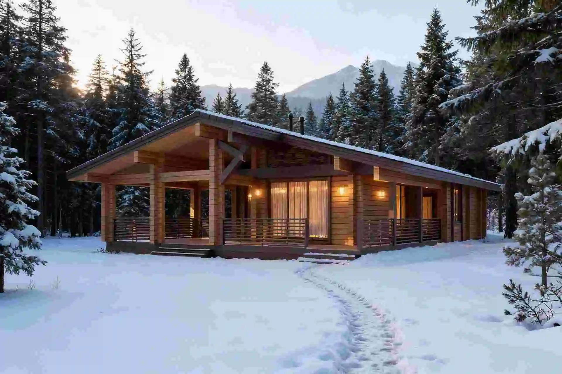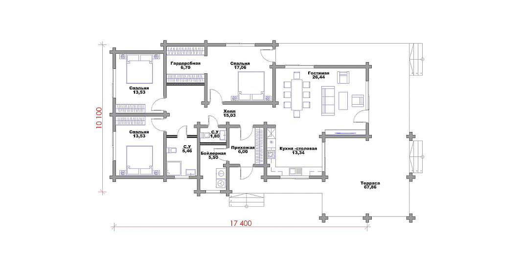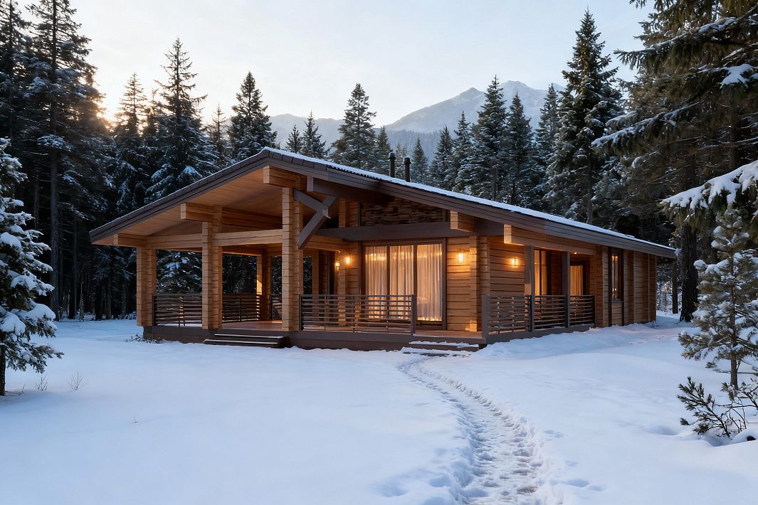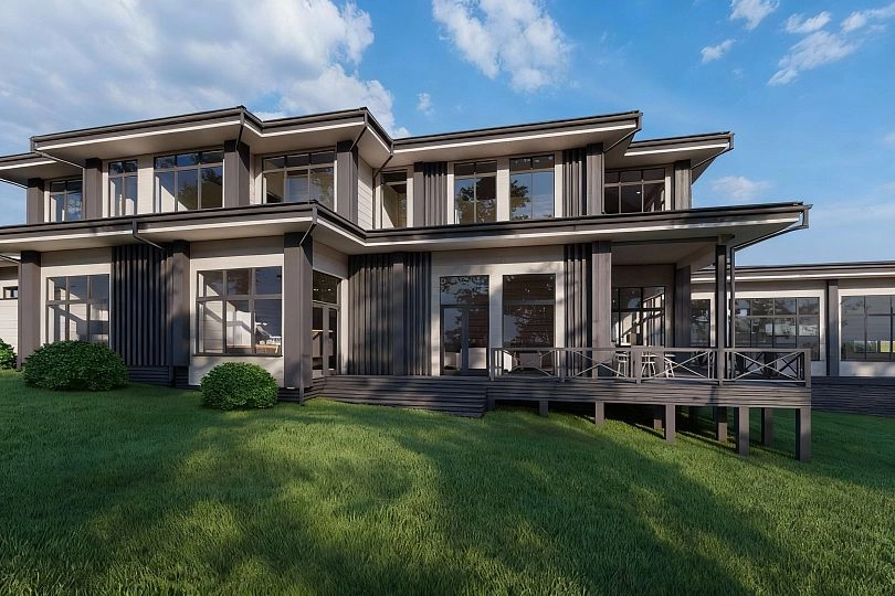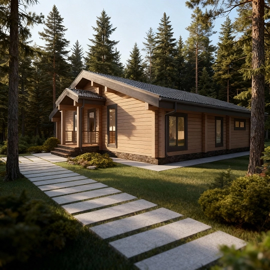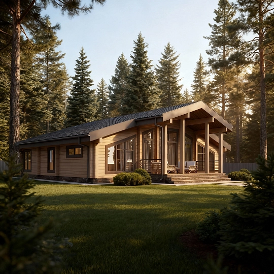 Стильный одноэтажный дом с просторной террасой. Для проживания семьи из 3-4 человек.
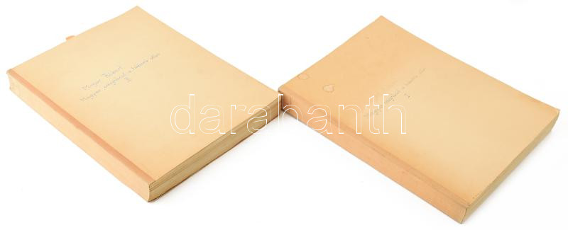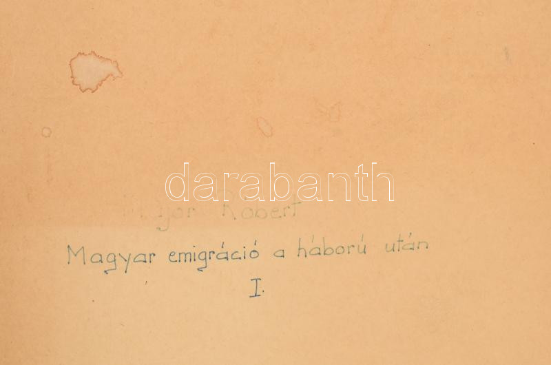 Major Róbert (1896-1985): Magyar emigráció a háború után. I-II. kötet. Gépirat. Nyomtatásban valószínűleg nem jelent meg. [Bécs, 1974.], 4 sztl. lev. 203 p.; 204-420 p.+2 sztl. lev+28 p.+ 3 sztl. lev.+ A II. kötet végére kötve regiszteres füzetben kéziratos névmutatóval. Kiadói papírkötésben, a szövegben a szerző sajátkezű javításaival, kiegészítéseivel, az I. kötet elülső borítója kissé foltos. Major Róbert (1896-1985) közgazdasági és politikai író. A Pázmány Péter Tudományegyetem Bölcsészkarán végzett, Eötvös-kollégium ösztöndíjasa volt. Részt vett az első világháborúban. Politikai és közgazdaságtani tanulmányai jelentek meg a Századunk és a Közgazdasági Szemle hasábjain. Publikált a Népszava, a Szocializmus, a Szép Szó, a Jelenkor és a Magyar Fórum c. lapban is. A háború után, 1945-ben a Közgazdaság és a Kis Újságot szerkesztette, majd kinevezeték a Magyar Közgazdasági Társaság igazgatójává. 1947-ben elhagyta Magyarországot, Rómában, később New Yorkban élt. De munkatársa volt a müncheni Látóhatár c. lapnak is. 1971-től Bécsben élt. Emigráns lapokban publikált.
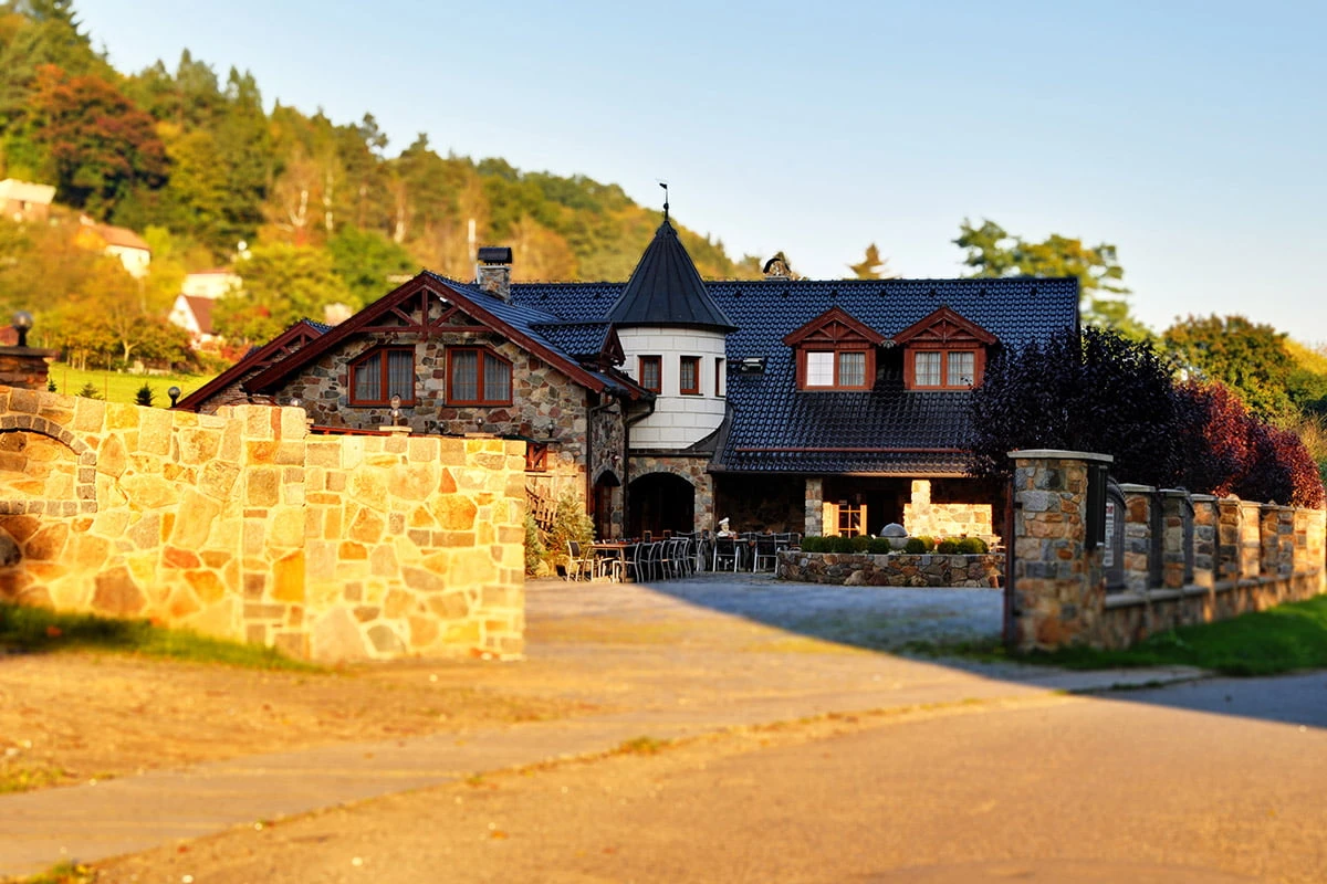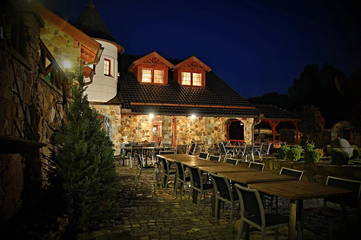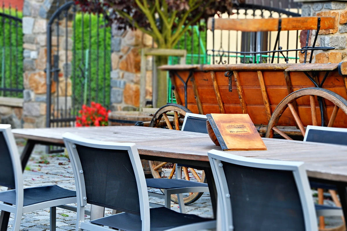 Naše stylová zámecká vinárna je přístupná z nádvoří a navazuje na letní krytou terasu. Je vybavena dřevěným nábytkem s polstrovanými židlemi pro 20 osob.

※

▸ **Work required**:
Once the pictures are set aside, give the listing again word for word.

▸ **Output**:
 Стильный одноэтажный дом с просторной террасой. Для проживания семьи из 3-4 человек.
 Major Róbert (1896-1985): Magyar emigráció a háború után. I-II. kötet. Gépirat. Nyomtatásban valószínűleg nem jelent meg. [Bécs, 1974.], 4 sztl. lev. 203 p.; 204-420 p.+2 sztl. lev+28 p.+ 3 sztl. lev.+ A II. kötet végére kötve regiszteres füzetben kéziratos névmutatóval. Kiadói papírkötésben, a szövegben a szerző sajátkezű javításaival, kiegészítéseivel, az I. kötet elülső borítója kissé foltos. Major Róbert (1896-1985) közgazdasági és politikai író. A Pázmány Péter Tudományegyetem Bölcsészkarán végzett, Eötvös-kollégium ösztöndíjasa volt. Részt vett az első világháborúban. Politikai és közgazdaságtani tanulmányai jelentek meg a Századunk és a Közgazdasági Szemle hasábjain. Publikált a Népszava, a Szocializmus, a Szép Szó, a Jelenkor és a Magyar Fórum c. lapban is. A háború után, 1945-ben a Közgazdaság és a Kis Újságot szerkesztette, majd kinevezeték a Magyar Közgazdasági Társaság igazgatójává. 1947-ben elhagyta Magyarországot, Rómában, később New Yorkban élt. De munkatársa volt a müncheni Látóhatár c. lapnak is. 1971-től Bécsben élt. Emigráns lapokban publikált.
 Naše stylová zámecká vinárna je přístupná z nádvoří a navazuje na letní krytou terasu. Je vybavena dřevěným nábytkem s polstrovanými židlemi pro 20 osob.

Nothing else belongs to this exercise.